= Zadeh's rule =

Refinement of the simplex method for linear optimization

In mathematical optimization, Zadeh's rule (also known as the least-entered rule) is an algorithmic refinement of the simplex method for linear optimization.

The rule was proposed around 1980 by Norman Zadeh (son of Lotfi A. Zadeh), and has entered the folklore of convex optimization since then.

Zadeh offered a reward of $1,000 to anyone who can show that the rule admits polynomially many iterations or to prove that there is a family of linear programs on which the pivoting rule requires subexponentially many iterations to find the optimum.

==Algorithm==
Zadeh's rule belongs to the family of history-based improvement rules which, during a run of the simplex algorithm, retain supplementary data in addition to the current basis of the linear program.

In particular, the rule chooses among all improving variables one which has entered the basis least often, intuitively ensuring that variables that might yield a substantive improvement in the long run but only a small improvement in a single step will be applied after a linear number of steps.

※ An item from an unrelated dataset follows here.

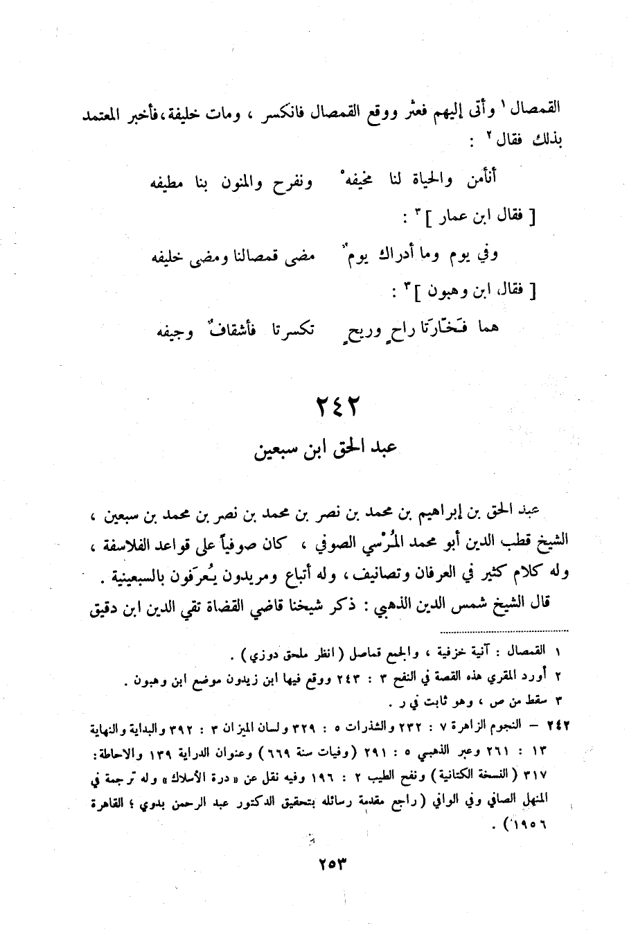 (4) النجوم الزاهرة 7: 232 والشذرات 5: 329 ولسان الميزان 3: 392 والبداية والنهاية 13: 261 وعبر الذهبي 5: 291 (وفيات سنة 669) وعنوان الدراية 139 والإحاطة: 317 (النسخة الكتانية) ونفح الطيب 2: 196 وفيه نقل عن ((درة الأسلاك)) وله ترجمة في المنهل الصافي وفي الوافي (راجع مقدمة رسائله بتحقيق الدكتور عبد الرحمن بدوي؛ القاهرة 1956) .

The supplementary data structure in Zadeh's algorithm can therefore be modeled as an occurrence record, mapping all variables to natural numbers, monitoring how often a particular variable has entered the basis. In every iteration, the algorithm then selects an improving variable that is minimal with respect to the retained occurrence record.

Note that the rule does not explicitly specify which particular improving variable should enter the basis in case of a tie.

==Superpolynomial lower bound==
Zadeh's rule has been shown to have at least super-polynomial time complexity in the worse-case by constructing a family of Markov decision processes on which the policy iteration algorithm requires a super-polynomial number of steps.

Running the simplex algorithm with Zadeh's rule on the induced linear program then yields a super-polynomial lower bound.

The result was presented at the "Efficiency of the Simplex Method: Quo vadis Hirsch conjecture?" IPAM workshop in 2011 by Oliver Friedmann. Zadeh, although not working in academia anymore at that time, attended the Workshop and honored his original proposal.

==Exponential lower bound==
Friedmann's original result has since been strengthened by the construction of an exponential instance for Zadeh's rule.